Лучший ингредиент любого зелья - это огневиски (СИ)
— Ну, не стоит так себя недооценивать, — девушка холодно глянула на него, — один приз войны ты вполне себе выиграл.
— Ты только не подумай, что я жалуюсь, — мрачно усмехнулся он, — тем, кого ты видишь, я стал только по своему выбору. Ну и потому что оборотню в приличные места вход заказан. Зато во всяких гадюшниках тебя примут с распростертыми объятиями.
Гермионе захотелось прикоснуться к нему, и она борола в себе это желание весь длинный монолог егеря. Она знала, что нельзя этого делать. Все, что она могла сказать:
— Угу. Почему ты не остался у дяди?
— Мы поругались. Он на эту заварушку с шестерками Волди смотрел крайне отрицательно, — егерь закусил губу, подбирая слова. — И он очень меня просил подумать. И не делать. Мне нужно было доказать ему. Им всем. Что и оборотнем я чего-то стою. И возьму своё. Тот вчерашний школьник, с талантом зельевара. Он еще тут, он никуда, черт, не делся. Дядя не смог меня убедить. Я вылетал со всех работ, даже если мне удавалось какое-то время скрывать шерсть, то наступал день, когда меня выгоняли. Ну и я решил, что хватит. Пора быть тем, кем меня все считали.
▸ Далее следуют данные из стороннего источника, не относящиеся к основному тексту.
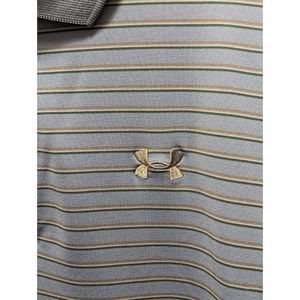 Under Armour Polo Shirt Mens 3XL Loose Blue Striped HeatGear Casual Golf Stretch

Темной тварью.
Повисла тишина. Скабиор понял, что никакой ответной реакции не последует и продолжил:
— Я много скитался по лесам, учился жить со своим оборотничеством. С самого начала не сильно понимал, отчего же они все так напрягаются. Мне по кайфу быть волком, по кайфу бегать по лесу. Это действительная магия, настоящая она внутри моего тела, для нее не нужна дурацкая палка! Я есть сама магия и сила, — горячечно заговорил он. Гермиона уставилась на Скабиора ведь он произносил те же самые слова, которые она думала говорить в Визенгамоте. Ее это несколько обескуражило. — Одну безумную ночь в месяц ты совершенно свободен! Ты бы знала, что это за чувство. Огневиски, полеты на метле, секс — ничто не сравнится с могуществом перевоплощения и безумством оборотнического восторга, — он говорил с таким жаром, что Гермиона испугалась, как бы веревки, что его удерживали, не воспламенились. Глаза Скабиора горели в полутемной комнате. — Надо было как-то крутиться и зарабатывать на жизнь. Лютный переулок очень в этом помогал. Там познакомился с Сивым и понеслось, — вздохнул он. — при всей своей тупости и отвратительном образе жизни, он тоже наслаждался своей сущностью. Иногда даже ставя волка внутри себя выше человека. Мне это нравилось в нем. Он сколотил стаю, набрал туда всех отверженных. Но потом Сивый стал лебезить перед Темным Лордом. Он хотел вот этот весь пакет — метку, ближний круг, маску дебильную. Ну и стаю втянул. Мне это вообще на хер не упало бы, если бы не пыльная работенка егеря. Лови да приноси. Это просто, я могу это понять. Никаких кривляний, свойственных волшебникам. Самым большим позером, кстати, был Темный лорд. Все эти собрания в Малфой мэноре, заигрывания со змей, лобзанья ручки. Тьфу! — егерь поглощенный монологом действительно сплюнул на пол.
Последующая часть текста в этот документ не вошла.